# 4.3.4.1 Sample size (number of increments and replicates)

One option for reducing errors in sampling designs is to increase the sample size. For ISM, sample size can pertain to the mass per increment (i.e., sample support), number of increments (n), and number of replicates (r). Assuming a uniform mass per increment, several observations were made regarding the effects of increasing n and r on estimates of the mean (also see Appendix A, Table A-1):

- Increasing the n has a direct effect on the standard deviation of the replicates. Specifically, the central limit theorem suggests the standard deviation of the replicates (which is a measure of the standard error of the mean) reduces by a factor of the square root of n. For example, all other things being equal, if the SD of replicates is 4.0 with n = 30, doubling the increments to n = 60 would reduce SD by the square root of 2 (or 1.414) to approximately 2.8.
- Increasing r does not reduce the standard deviation of the replicates although it does improve the estimate of the SD by reducing the variability in the estimate. Likewise, increasing r reduces the standard error for the grand mean. Specifically, the standard error reduces by the square root of r.
- The overall reduction in the standard error for the (grand) mean is a function of the total mass collected and spatial area represented (i.e., increments × replicates), and this observation applies to parameter estimation with discrete sampling as well. Increasing the number of increments and/or replicates reduces the variability in ISM estimates of the mean.
- Increasing the number of increments (n) or sample mass reduces the potential for errors in terms of both frequency and magnitude of underestimation of the mean.
- For nonnormal distributions, increasing r above 3 provides marginal return in terms of improving coverage of a UCL when the Chebyshev calculation method is used; however, increasing r does not improve coverage of the Student's-t UCL.
- Increasing r reduces (i.e., improves) the RPD, meaning it will produce estimates of the 95% UCL closer to the DU mean. Therefore, increasing r may be an important sampling strategy when errors of either underestimation or overestimation of the mean can have significant consequences. The difference between Chebyshev and Student's-t UCLs can sometimes lead to different decisions for a DU. While the Chebyshev method typically provides greater coverage, it also tends to have higher RPDs. Project teams must balance both properties of UCLs when deciding which method(s) to use.
- Simulations produced varying results in terms of improvement in coverage by increasing the number of increments. In some simulations, increasing the number of increments produced little or no observable difference. In others, increasing increments twofold or more from typical increment numbers used in ISM resulted in marginal improvement. As with increasing replicates, increasing the number of increments decreases (i.e., improves) the RPD. The improvement in RPD performance is marginal when the underlying CV is small.
- Simulations showed that coverage provided by the two UCL calculation methods depends upon the degree of variance (or dispersion) of the contaminant distribution within the DU. A variety of statistics provide a measure of dispersion including the CV (i.e., SD normalized by the mean) and the geometric SD (specific to lognormal distributions). Table 4-4 summarizes findings grouped by CV (and GSD). Note that in this case, the CV reflects the SD of the increments divided by the mean and not the SD of the replicates divided by the mean. In practice, individual increments are typically not retained for analysis, so there may be no direct measure of the CV. If there is no site knowledge available to support an assumption about the degree of dispersion (i.e., low, medium, high) of increments, then the Chebyshev UCL may be the preferred calculation method because it is more likely to achieve the desired coverage than the Student's-t UCL. The CV (or SD) of the replicates is not a useful metric for determining which UCL method provides sufficient coverage.

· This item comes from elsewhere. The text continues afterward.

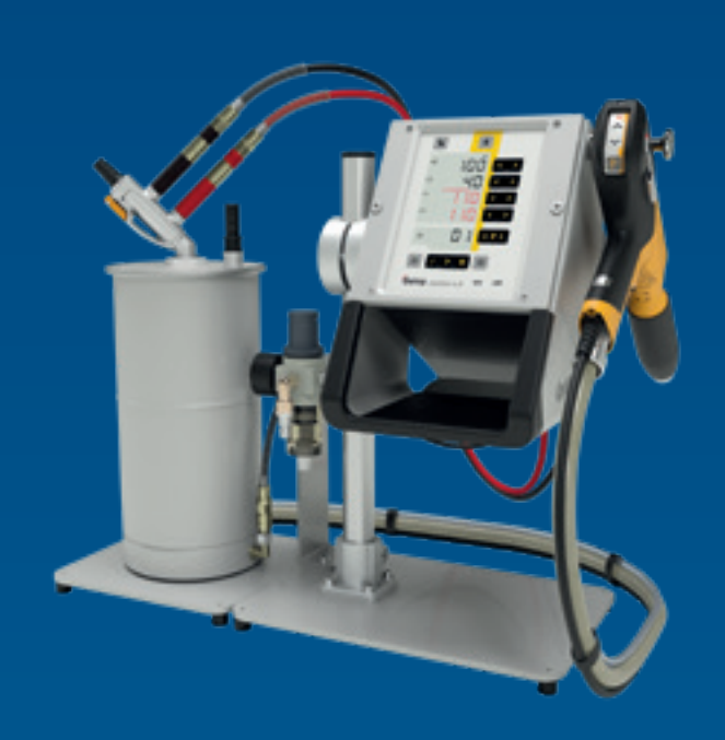
OptiFlex® Pro L

UCL Method | Dispersion Among Individual Increments |
||
---|---|---|---|

Low
(CV <1.5 or GSD <3)
| Medium
(1.5 < CV < 3 or 3 < GSD < 4.5)
| High
(CV >3 or GSD >4.5)
| |

Student’s-t |
Yes | No | No |

Chebyshev | Yes | Yes | Maybe |

Coefficient of variation (CV) = standard deviation (SD)/mean.
Geometric standard deviation (GSD) = exp[sqrt(ln(CV^{2} + 1))] for lognormal distributions.